Fonte: http://www.abpnoticias.org/images/pdf/documento_apoyo_trichi.pdf
Tradução: Partido Comunista Brasileiro (PCB)
[1] Uma análise relevante sobre o particular, e o desenvolvimento do paramilitarismo como “o trabalho sujo da contrainsurgência e contra-delinquência” alentada pelo Exército unido aos interesses de máfias, latifundiários, políticos tradicionais, pode ser lido no artigo de Estanislao Zuleta ‘’La Violencia Política en Colombia’’ Revista Foro, No. 12, Junho de 1990, págs. 11-21.
[2] Na Colômbia, “O papel do Estado tem sido, acima de tudo, o de garantir as condições para o crescimento dirigido pelo setor privado. \ A relação do Estado com o povo é, em consequência, de descuido e, em muitas regiões, de abandono. A modernização e expansão de um setor da economia foram feitas sem consideração alguma com os direitos e as necessidades da maioria da população”. (PEARCE Jenny, Colombia dentro del Laberinto, Altamir Ediciones, 1992, pág. 115.
[3] Desde antes de surgirem e se consolidarem os movimentos insurgentes na Colômbia, as Forças Armadas já estavam imbuídas de um profundo espírito anticomunista e de serviço ao capital nacional e transnacional.
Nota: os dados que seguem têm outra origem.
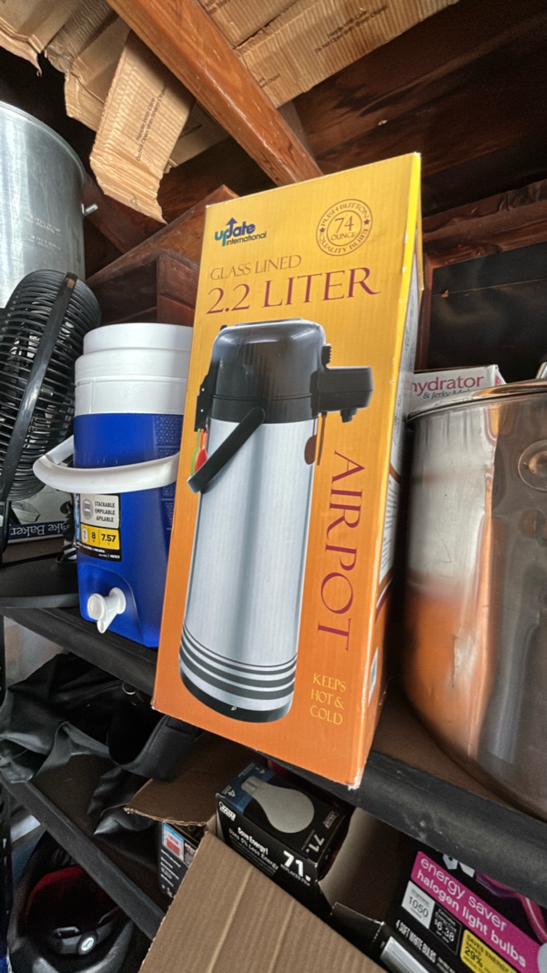 This is a 2.2-liter glass-lined airpot from Update International, designed to keep your beverages hot or cold for extended periods. The airpot features a convenient lever-action pump for easy dispensing and is perfect for both personal and professional use. Ideal for catering events, offices, or home gatherings, it offers a sleek and durable stainless-steel exterior with a large capacity to serve multiple people.

Um exemplo disso foi o Massacre das Bananeiras, em 1928, no qual o General Cortés Vargas, seguindo ordens do governo central, massacrou centenas de trabalhadores que, em greve, reclamavam melhores condições trabalhistas à United Fruit Company.
[4] A emergência de uma nova ordem constitucional em 1991, produto dos acordos de paz com alguns movimentos insurgentes reinseridos, possibilitou a consagração do Estado Social de Direito e de mecanismos expeditos para tornar viável a reivindicação dos direitos fundamentais e a participação cidadã – habeas corpus, ações de tutela, ações populares, iniciativa popular, legislativa, revogação do mandato, etc. – Mas, no entanto, não se alterou no fundamental as prerrogativas da Força Pública, e muitos decretos nascidos das declarações de Estados de Sítio se mantiveram como legislação permanentes; ao mesmo tempo, se sentaram as bases do aprofundamento do modelo neoliberal.
[5] GIRALDO Javier S.J., El Terrorismo de Estado, en Justicia y Paz, Revista de Derechos Humanos, janeiro-março de 1997, pág. 14.
[6] A guerra irregular que empreendem os grupos insurgentes quando superam os mínimos humanitários contemplados no art. 3º, comum dos Convênios de Genebra e o Protocolo II, contribui com a degradação do conflito armado, servindo como pretexto para o desenvolvimento da guerra suja.
[7] La Guerra Moderna, Ejército de Colombia, Biblioteca del Ejército, Bogotá 1963, págs. 32 –33.
[8] Citado em Tras los Pasos Perdidos de la Guerra Sucia, Paramilitarismo y operaciones encubierta en Colombia. Ediciones NCOS, 1995, Bruxelas, pág. 18.